I have a function $f(x) = e^x - (2-x)^3$
And I am using the Secant method to find a root between $0$ and $5$.
I know that the value of this root is $t = 0.7261444\ldots$
Here's my output from matlab for 14 iterations where I show
$k$, $x_k$,$|t-x_k|$,$|t-x_k|^{1.68}$,$|t-x_k|^2$
k | x(k) | |t-x(k)| | |t-x(k)|^1.68 | |t-x(k)|^2 1 | 0.00000000e+000 | 7.261e-001 | | 2 | 5.00000000e+000 | 4.274e+000 | | 3 | 1.91872122e-001 | 5.343e-001 | 3.489e-001 | 2.854e-001 4 | 3.17334769e-001 | 4.088e-001 | 2.225e-001 | 1.671e-001 5 | 6.42309464e-001 | 8.384e-002 | 1.554e-002 | 7.028e-003 6 | 7.12431582e-001 | 1.371e-002 | 7.420e-004 | 1.880e-004 7 | 7.25679662e-001 | 4.648e-004 | 2.518e-006 | 2.160e-007 8 | 7.26141901e-001 | 2.565e-006 | 4.049e-010 | 6.580e-012 9 | 7.26144465e-001 | 4.793e-010 | 2.205e-016 | 2.297e-019 10 | 7.26144466e-001 | 5.551e-016 | 2.347e-026 | 3.081e-031 11 | 7.26144466e-001 | 0.000e+000 | 0.000e+000 | 0.000e+000 12 | 7.26144466e-001 | 1.110e-016 | 1.571e-027 | 1.233e-032 13 | 7.26144466e-001 | 1.110e-016 | 1.571e-027 | 1.233e-032 14 | NaN | NaN | NaN | NaN
Now I am told in a question that the 'rate of convergence of a sequence $\{\epsilon_0,\epsilon_1,\epsilon_2,\ldots\}$ is $q$ if
$\lim_{k \rightarrow \infty} \frac{\epsilon_{k+1}}{\epsilon_k^q} = u$
for some constant $u$.
And I am told to make the program output $|t-x_k|$,$|t-x_k|^{1.68}$,$|t-x_k|^2$ and hence deduce that the rate of converge is greater than $1$, less than $2$ and roughly $(1 + \sqrt 5)/2 = 1.618$, the golden mean.
I can't see how I supposed to deduce this...I tried getting a few values for $\frac{|t-x_{k+1}|}{|t-x_k|^{1.68}}$ ... and this seems to go to $0$ and then the precision becomes too small for the computer to handle.
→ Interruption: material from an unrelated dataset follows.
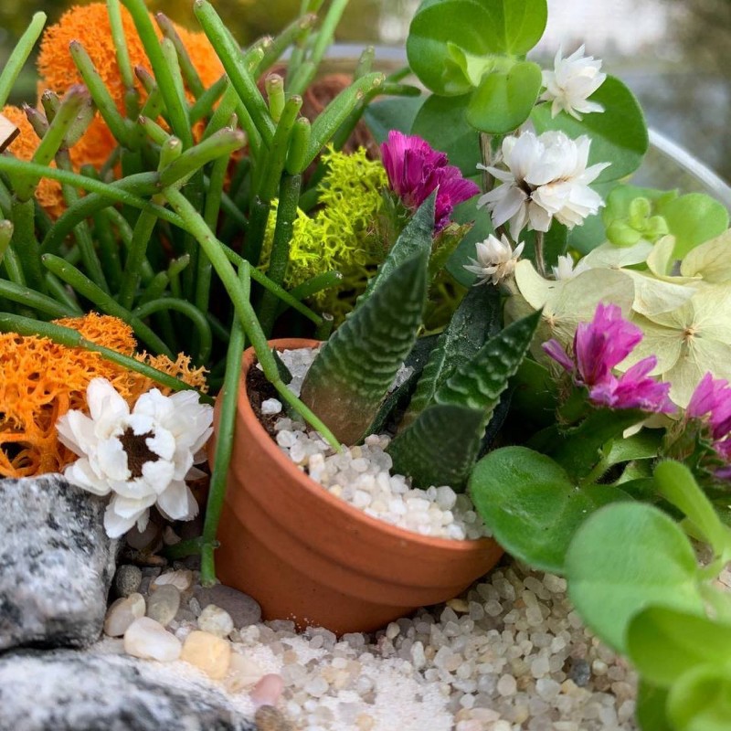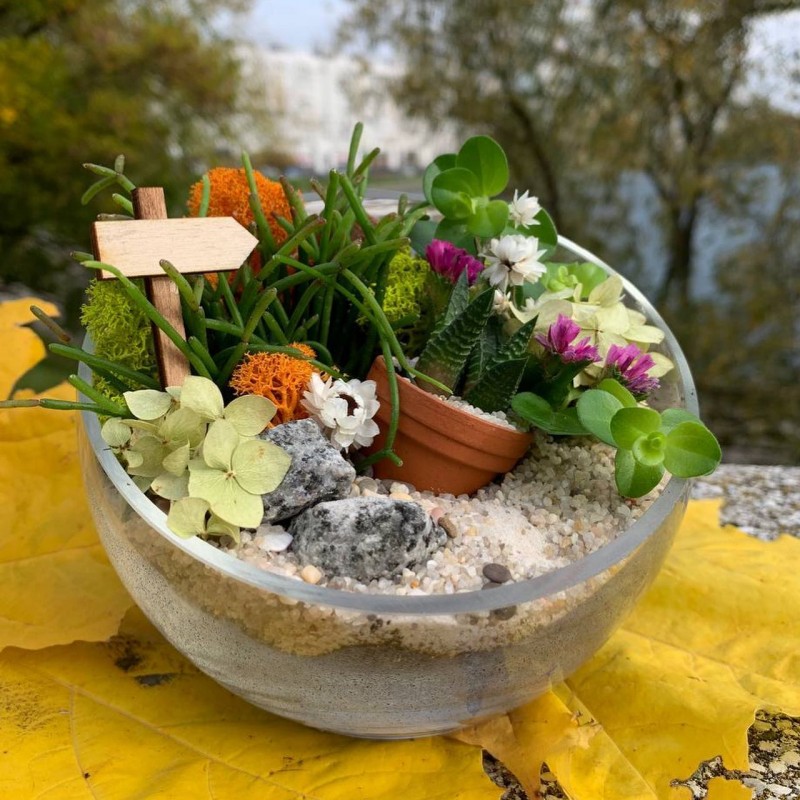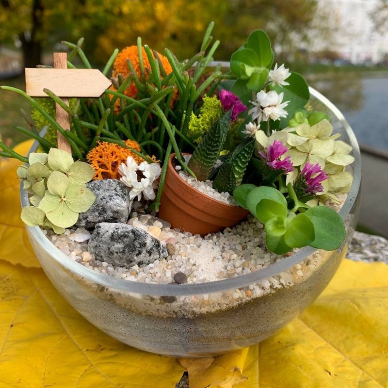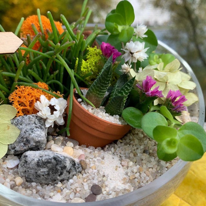 - Декор и сухоцветы: Ягель (мох), Кора сосновая, Пески, камушки и галька (разнообразной фракции), Статица, Аммобиум, Гортензия

I don't really know what I am doing here trying to deduce that the convergence is 1.6.18. Can anyone explain how I am supposed to be making this deduction?
EDIT: If I check $\phi=(1 + \sqrt 5)/2\approx1.618$, $|t-x_{k+1}|/|t-x_k|^\phi$ up to iteration 9 I get
3 | 5.094e-002 4 | 1.127e+000 5 | 3.564e-001 6 | 7.569e-001 7 | 4.802e-001 8 | 6.331e-001 9 | 5.330e-001
Can this be taken that the sequence is converging to a fixed number $u$?